Exercise details
Where pictures appear, omit them, and copy exactly only the lines from the start of the listing through the line containing "HROB Exam 1 Questions with", both included.

[[ Supplied material, beginning ]]

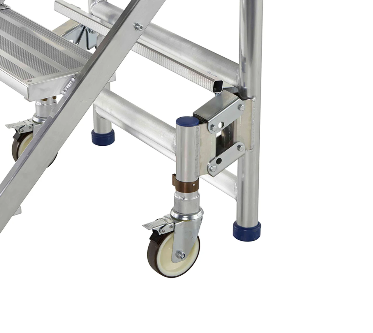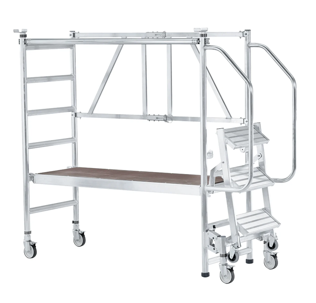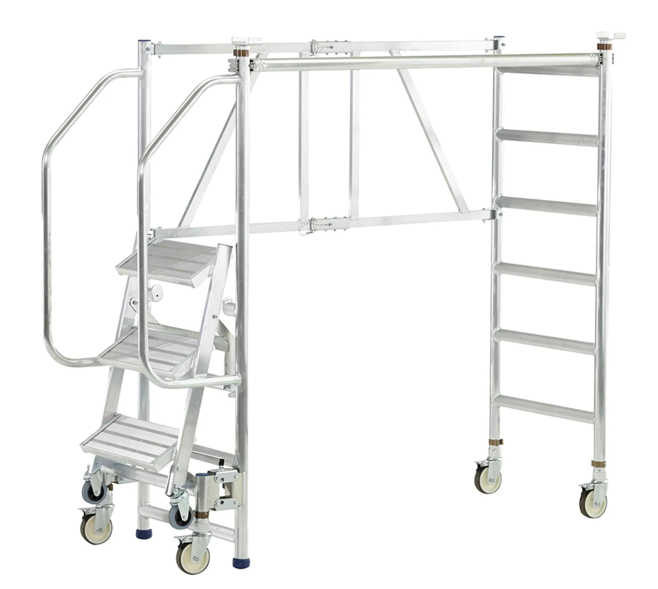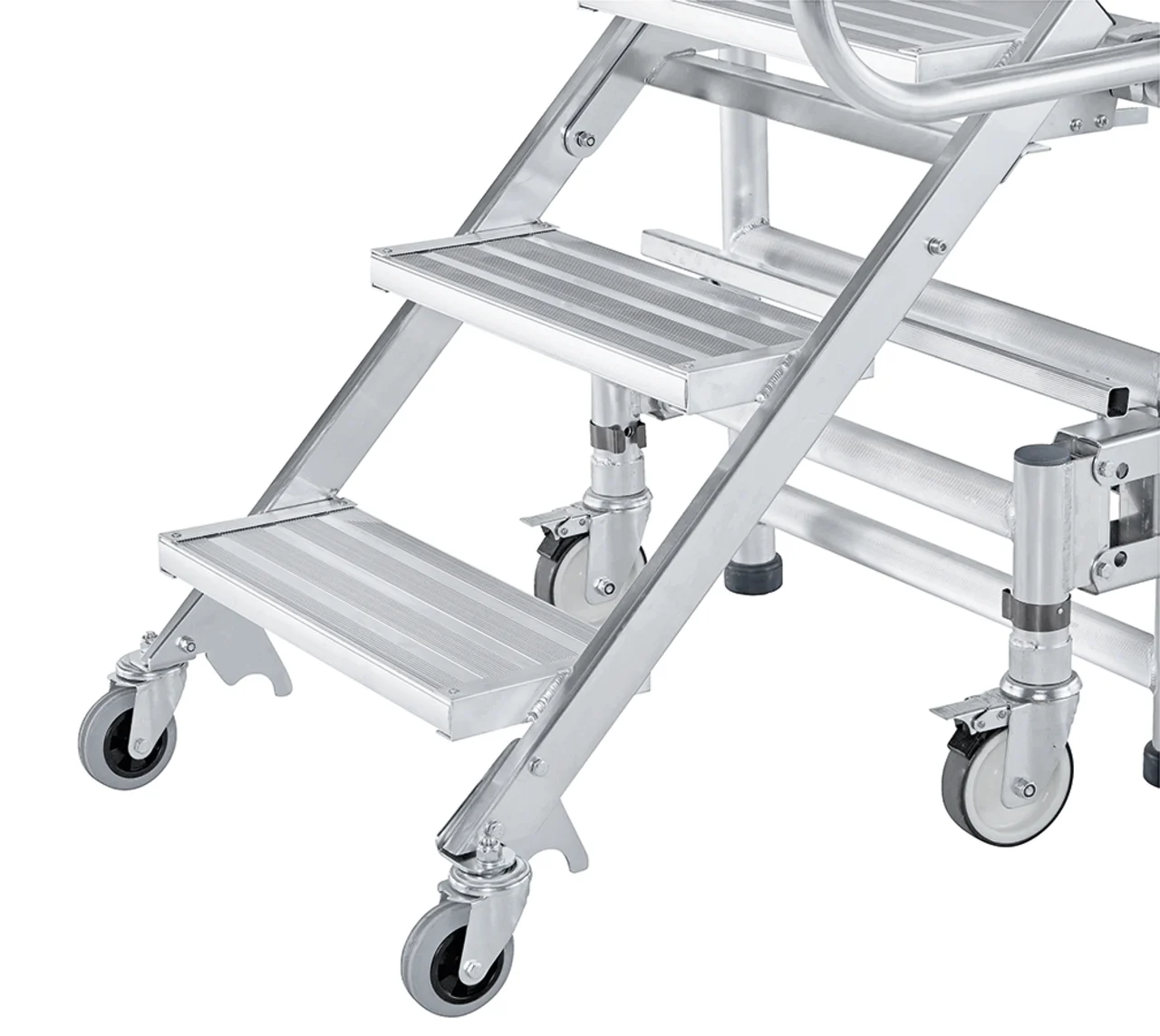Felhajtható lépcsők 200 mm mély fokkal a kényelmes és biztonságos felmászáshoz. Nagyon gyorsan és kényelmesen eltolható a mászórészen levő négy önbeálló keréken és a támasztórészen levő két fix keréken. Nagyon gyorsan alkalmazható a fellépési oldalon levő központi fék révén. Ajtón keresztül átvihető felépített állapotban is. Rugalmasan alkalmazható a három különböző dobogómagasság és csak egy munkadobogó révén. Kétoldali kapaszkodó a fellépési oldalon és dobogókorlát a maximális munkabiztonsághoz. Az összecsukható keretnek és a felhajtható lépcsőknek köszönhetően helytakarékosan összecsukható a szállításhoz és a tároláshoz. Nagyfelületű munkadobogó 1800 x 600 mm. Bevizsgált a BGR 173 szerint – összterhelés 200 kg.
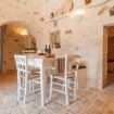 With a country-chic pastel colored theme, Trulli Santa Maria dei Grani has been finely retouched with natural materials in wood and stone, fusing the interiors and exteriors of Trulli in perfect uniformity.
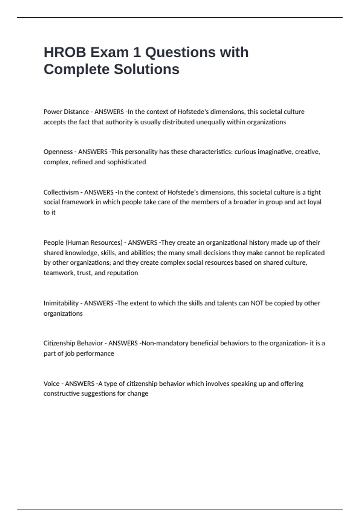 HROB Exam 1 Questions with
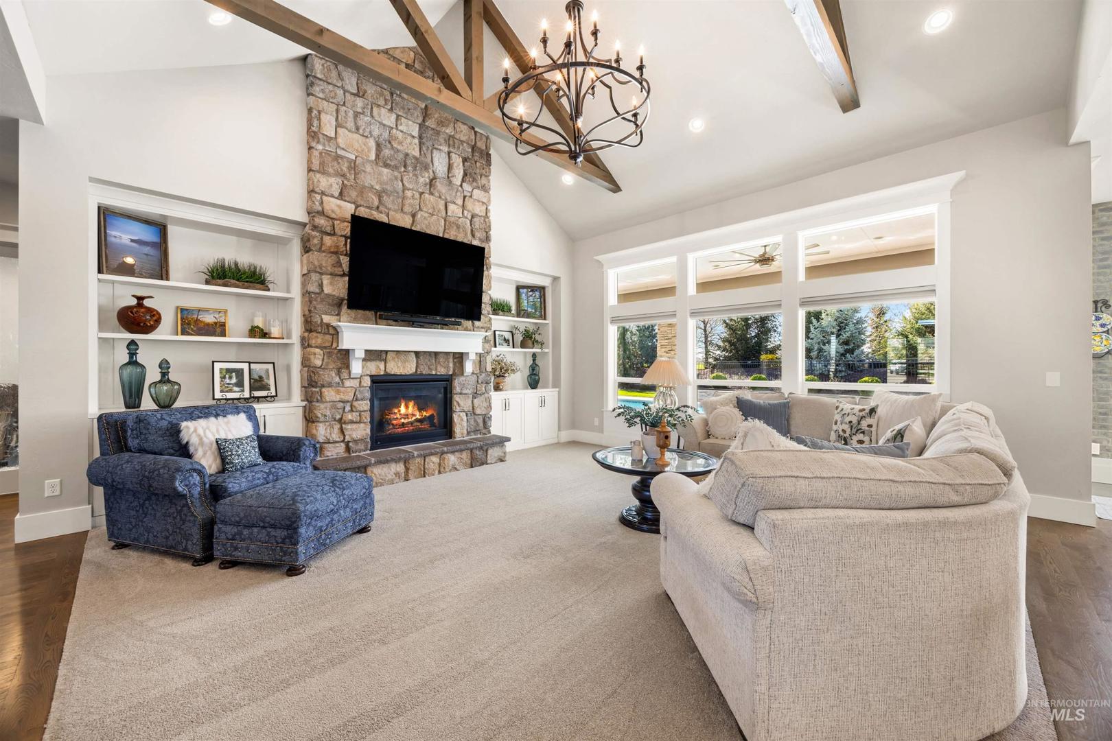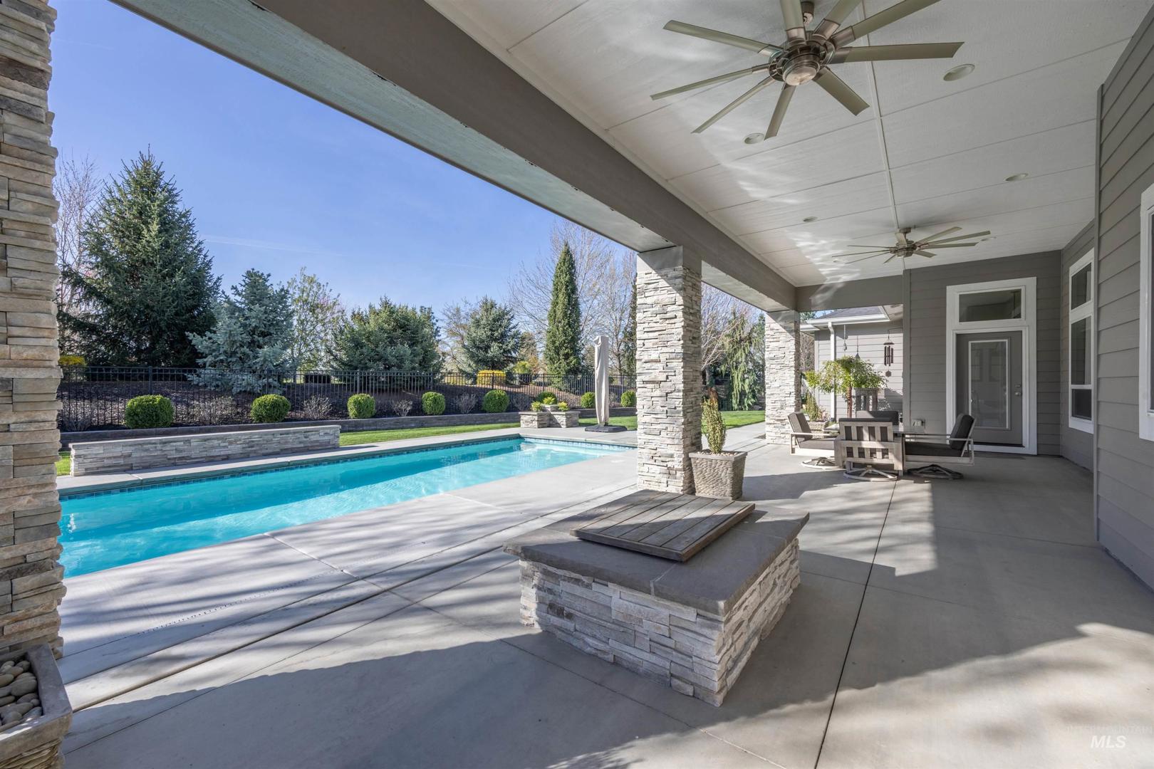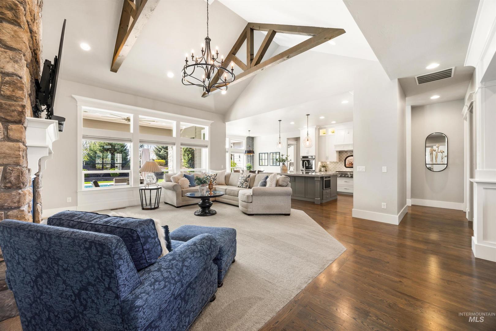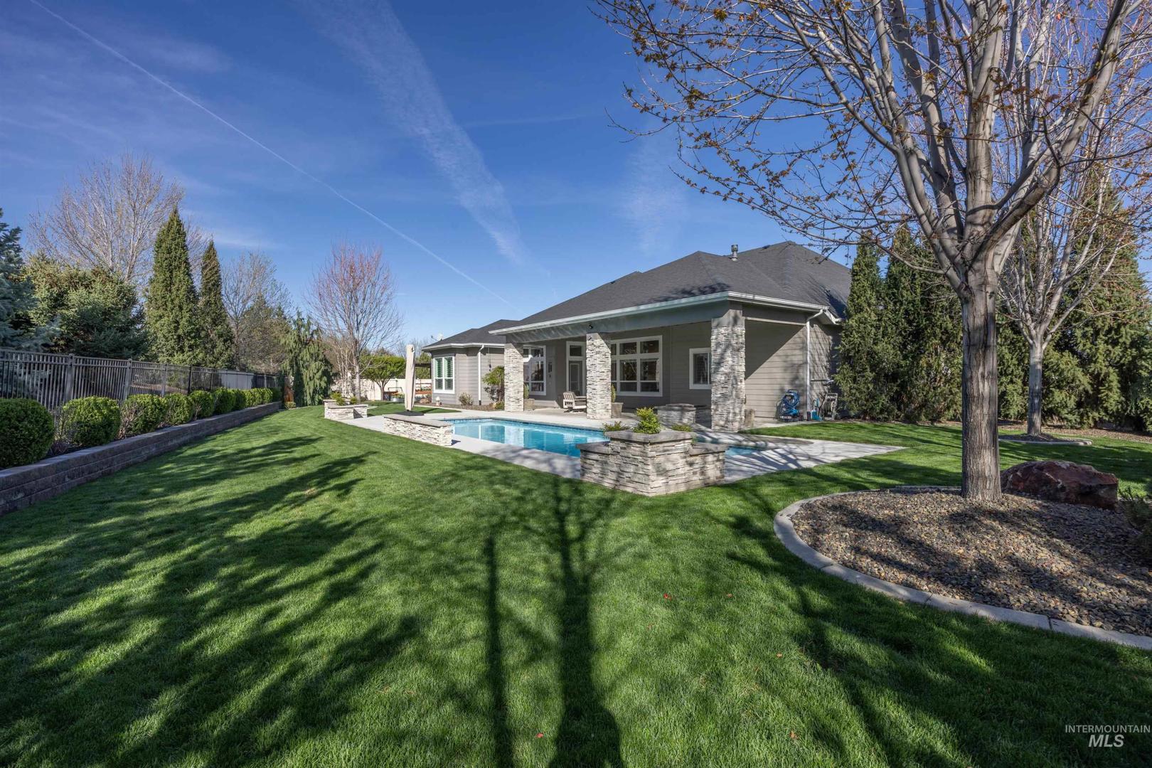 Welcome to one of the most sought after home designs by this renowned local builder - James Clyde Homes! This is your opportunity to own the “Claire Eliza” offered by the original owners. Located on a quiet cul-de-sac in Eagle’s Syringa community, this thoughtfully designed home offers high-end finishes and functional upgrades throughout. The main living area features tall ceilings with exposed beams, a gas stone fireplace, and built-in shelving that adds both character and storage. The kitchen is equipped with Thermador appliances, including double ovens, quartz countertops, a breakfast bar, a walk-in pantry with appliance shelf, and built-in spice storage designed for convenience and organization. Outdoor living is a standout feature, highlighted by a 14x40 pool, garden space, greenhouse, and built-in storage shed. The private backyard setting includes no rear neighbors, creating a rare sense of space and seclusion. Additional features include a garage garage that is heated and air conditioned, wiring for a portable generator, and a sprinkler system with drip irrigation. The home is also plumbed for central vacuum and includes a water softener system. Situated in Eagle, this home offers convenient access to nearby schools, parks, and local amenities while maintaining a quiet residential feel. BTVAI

[[ Supplied material, end ]]

Output of the exercise
Felhajtható lépcsők 200 mm mély fokkal a kényelmes és biztonságos felmászáshoz. Nagyon gyorsan és kényelmesen eltolható a mászórészen levő négy önbeálló keréken és a támasztórészen levő két fix keréken. Nagyon gyorsan alkalmazható a fellépési oldalon levő központi fék révén. Ajtón keresztül átvihető felépített állapotban is. Rugalmasan alkalmazható a három különböző dobogómagasság és csak egy munkadobogó révén. Kétoldali kapaszkodó a fellépési oldalon és dobogókorlát a maximális munkabiztonsághoz. Az összecsukható keretnek és a felhajtható lépcsőknek köszönhetően helytakarékosan összecsukható a szállításhoz és a tároláshoz. Nagyfelületű munkadobogó 1800 x 600 mm. Bevizsgált a BGR 173 szerint – összterhelés 200 kg.
 With a country-chic pastel colored theme, Trulli Santa Maria dei Grani has been finely retouched with natural materials in wood and stone, fusing the interiors and exteriors of Trulli in perfect uniformity.
 HROB Exam 1 Questions with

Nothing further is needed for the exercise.